━━ SUPPLIED RECORDS ━━
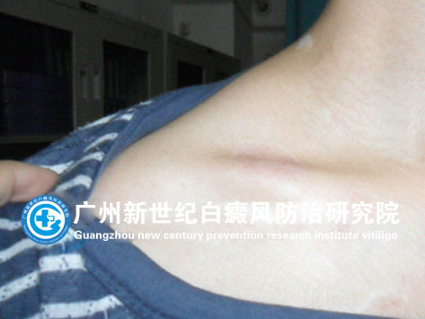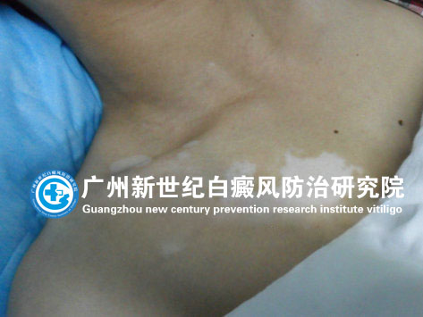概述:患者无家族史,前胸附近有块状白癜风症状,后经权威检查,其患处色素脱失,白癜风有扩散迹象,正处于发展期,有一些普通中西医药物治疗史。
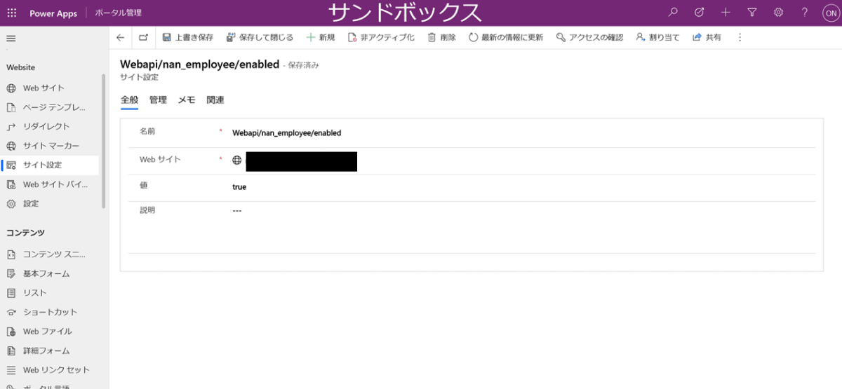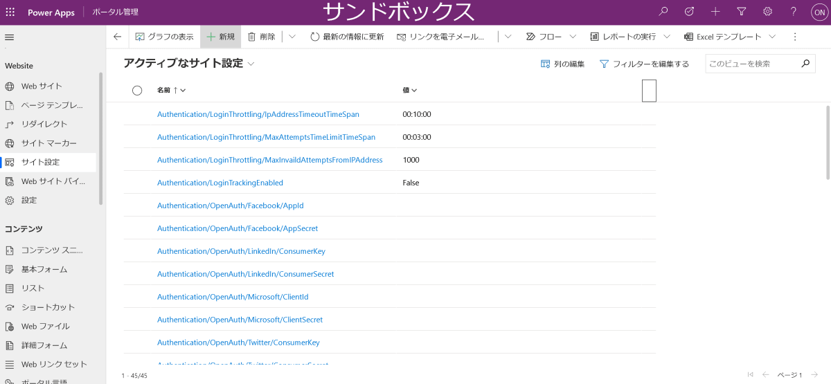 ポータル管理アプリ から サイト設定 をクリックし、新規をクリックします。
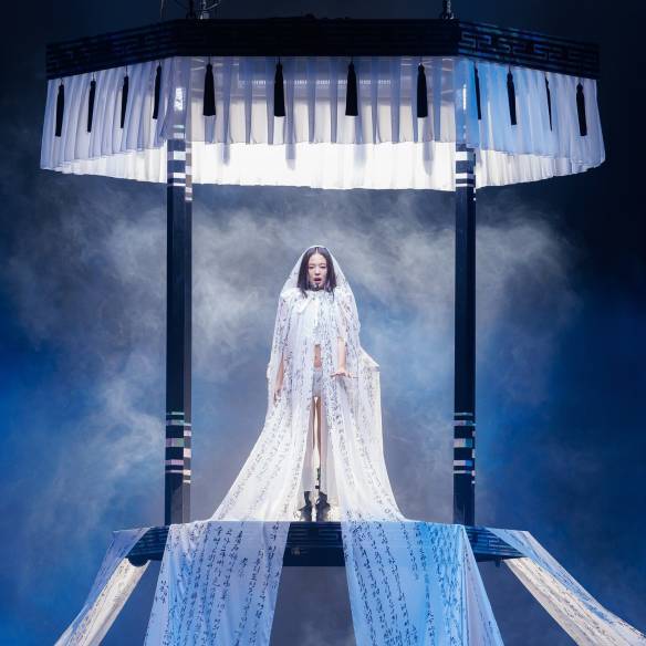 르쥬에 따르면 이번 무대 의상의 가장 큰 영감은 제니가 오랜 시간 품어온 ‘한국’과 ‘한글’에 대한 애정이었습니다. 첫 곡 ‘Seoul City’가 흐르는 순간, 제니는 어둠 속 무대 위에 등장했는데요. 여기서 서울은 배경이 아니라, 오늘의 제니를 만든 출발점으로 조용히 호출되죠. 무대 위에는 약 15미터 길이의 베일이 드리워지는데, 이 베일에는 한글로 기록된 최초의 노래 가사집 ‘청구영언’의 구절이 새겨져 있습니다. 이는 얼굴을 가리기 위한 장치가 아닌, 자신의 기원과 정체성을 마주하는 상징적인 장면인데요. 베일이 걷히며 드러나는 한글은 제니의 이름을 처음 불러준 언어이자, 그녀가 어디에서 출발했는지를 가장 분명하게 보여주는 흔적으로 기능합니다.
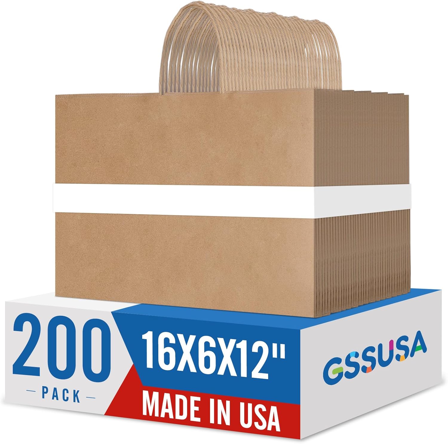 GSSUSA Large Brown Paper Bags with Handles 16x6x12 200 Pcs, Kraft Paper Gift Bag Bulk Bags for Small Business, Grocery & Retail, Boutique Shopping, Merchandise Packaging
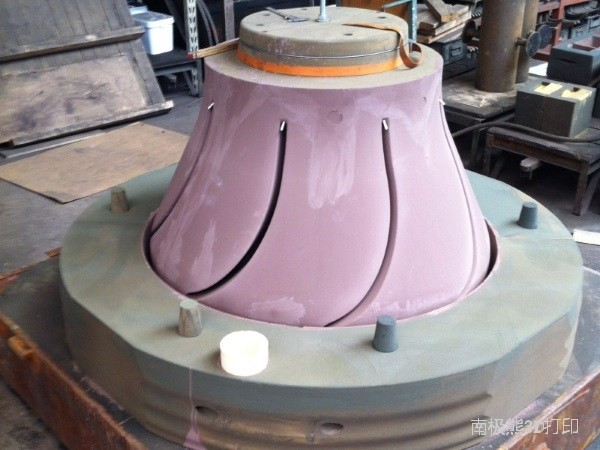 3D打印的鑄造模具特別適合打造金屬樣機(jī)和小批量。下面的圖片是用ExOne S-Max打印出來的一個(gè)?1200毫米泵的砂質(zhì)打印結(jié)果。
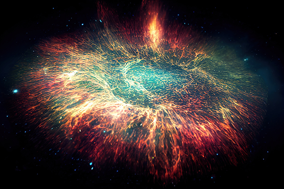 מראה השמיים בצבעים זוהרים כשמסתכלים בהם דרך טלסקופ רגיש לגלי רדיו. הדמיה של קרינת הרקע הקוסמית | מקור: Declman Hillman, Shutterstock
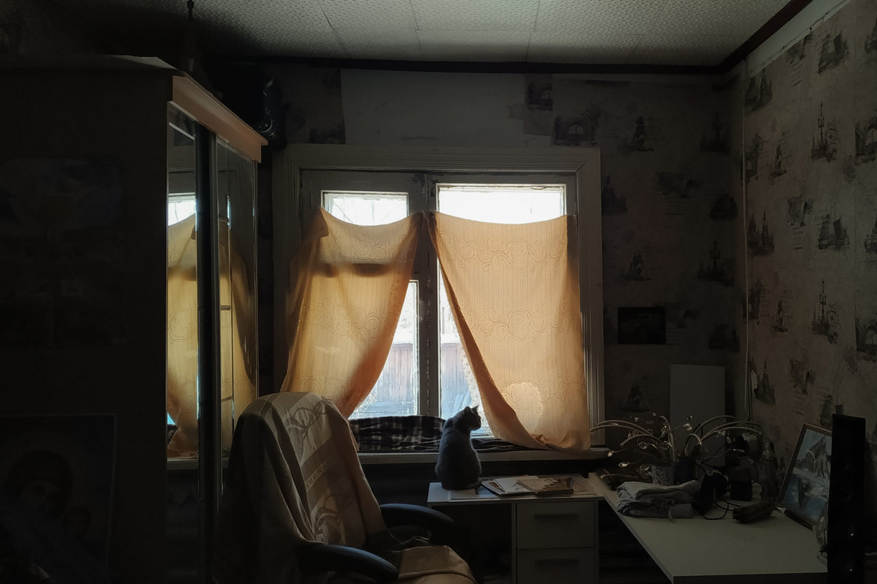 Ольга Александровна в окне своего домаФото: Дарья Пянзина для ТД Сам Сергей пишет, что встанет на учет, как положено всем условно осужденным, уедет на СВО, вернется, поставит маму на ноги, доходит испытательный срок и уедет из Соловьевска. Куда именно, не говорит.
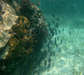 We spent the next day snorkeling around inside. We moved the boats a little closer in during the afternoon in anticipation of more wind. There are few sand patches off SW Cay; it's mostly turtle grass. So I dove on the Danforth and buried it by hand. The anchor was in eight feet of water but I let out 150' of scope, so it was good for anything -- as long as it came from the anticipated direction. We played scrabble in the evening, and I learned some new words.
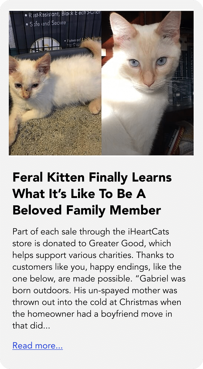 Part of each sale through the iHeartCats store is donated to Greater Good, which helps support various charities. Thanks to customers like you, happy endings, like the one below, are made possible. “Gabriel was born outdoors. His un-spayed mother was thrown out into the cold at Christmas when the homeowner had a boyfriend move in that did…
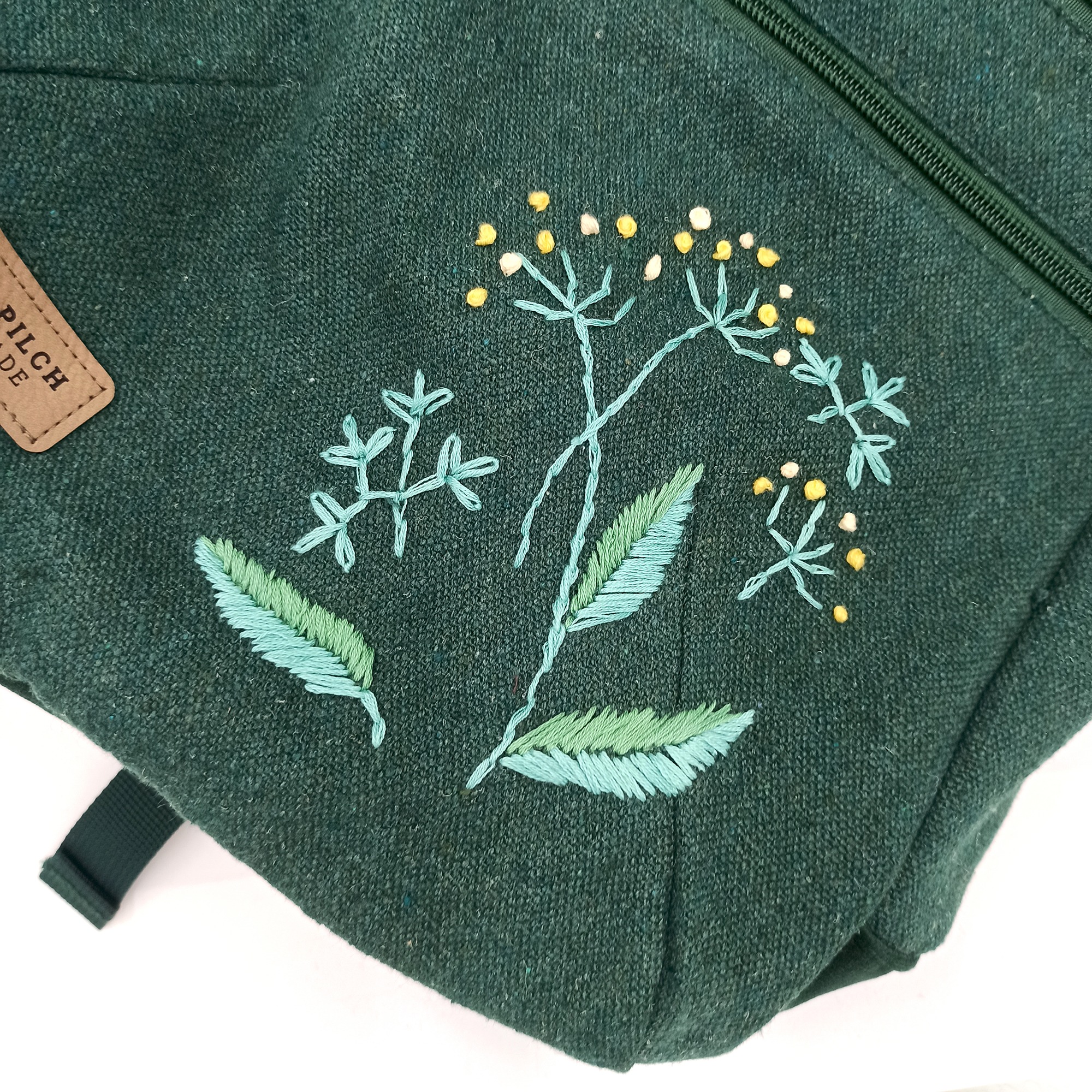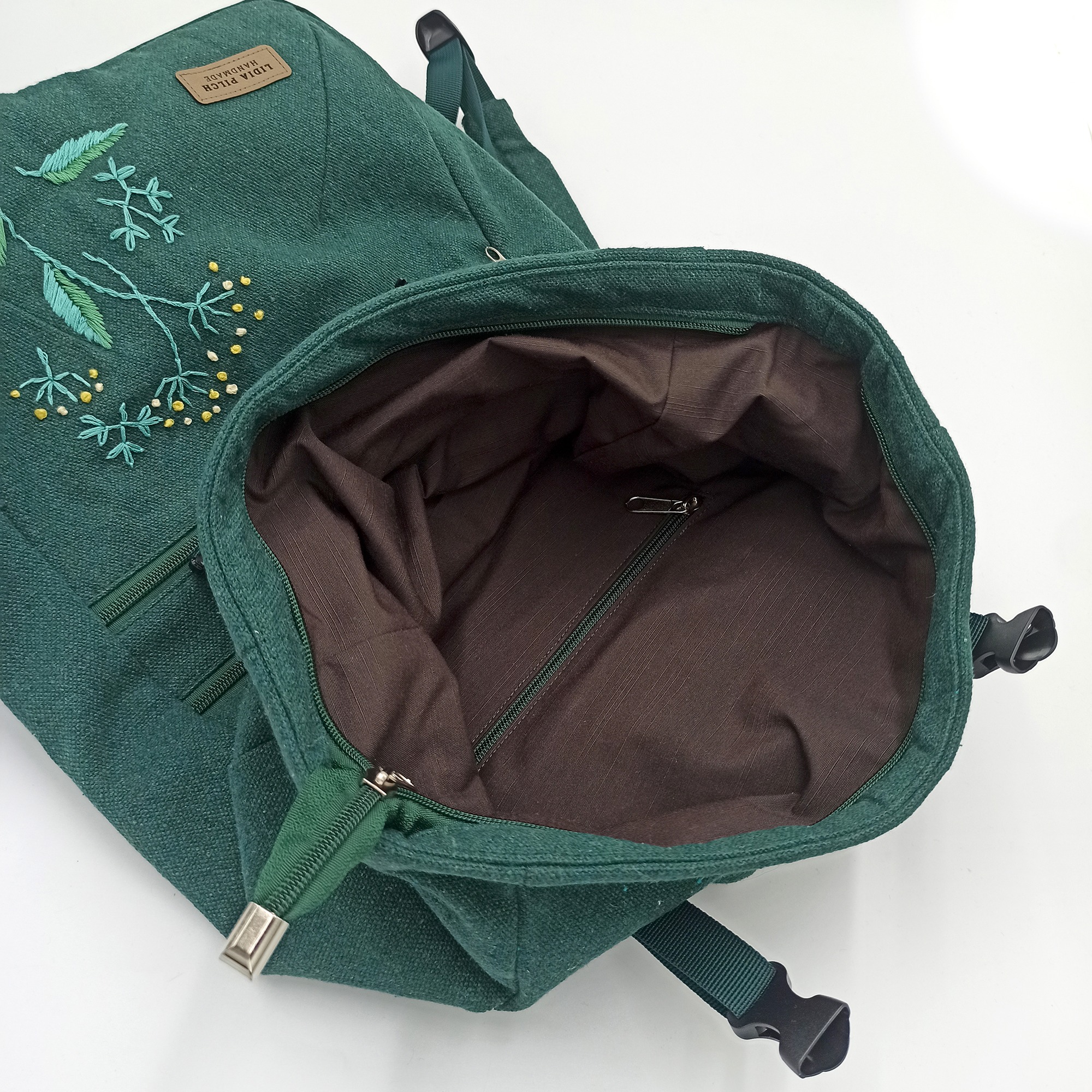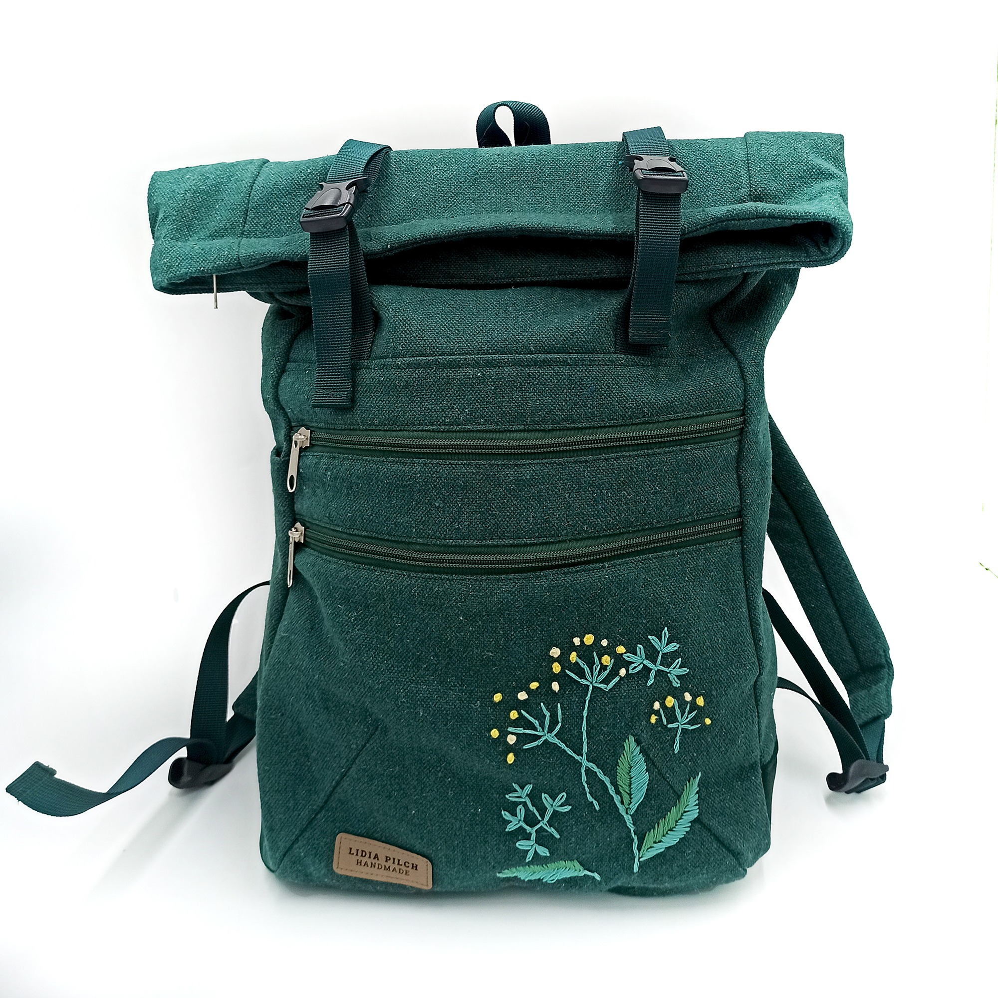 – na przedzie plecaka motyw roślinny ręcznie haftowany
━━━
Please copy out from the data above, without any picture, exactly the lines running from the one that holds "3D打印的鑄造模具特別適合打" through the one that holds "Ольга Александровна в", and nothing beyond them.

 3D打印的鑄造模具特別適合打造金屬樣機(jī)和小批量。下面的圖片是用ExOne S-Max打印出來的一個(gè)?1200毫米泵的砂質(zhì)打印結(jié)果。
 מראה השמיים בצבעים זוהרים כשמסתכלים בהם דרך טלסקופ רגיש לגלי רדיו. הדמיה של קרינת הרקע הקוסמית | מקור: Declman Hillman, Shutterstock
 Ольга Александровна в окне своего домаФото: Дарья Пянзина для ТД Сам Сергей пишет, что встанет на учет, как положено всем условно осужденным, уедет на СВО, вернется, поставит маму на ноги, доходит испытательный срок и уедет из Соловьевска. Куда именно, не говорит.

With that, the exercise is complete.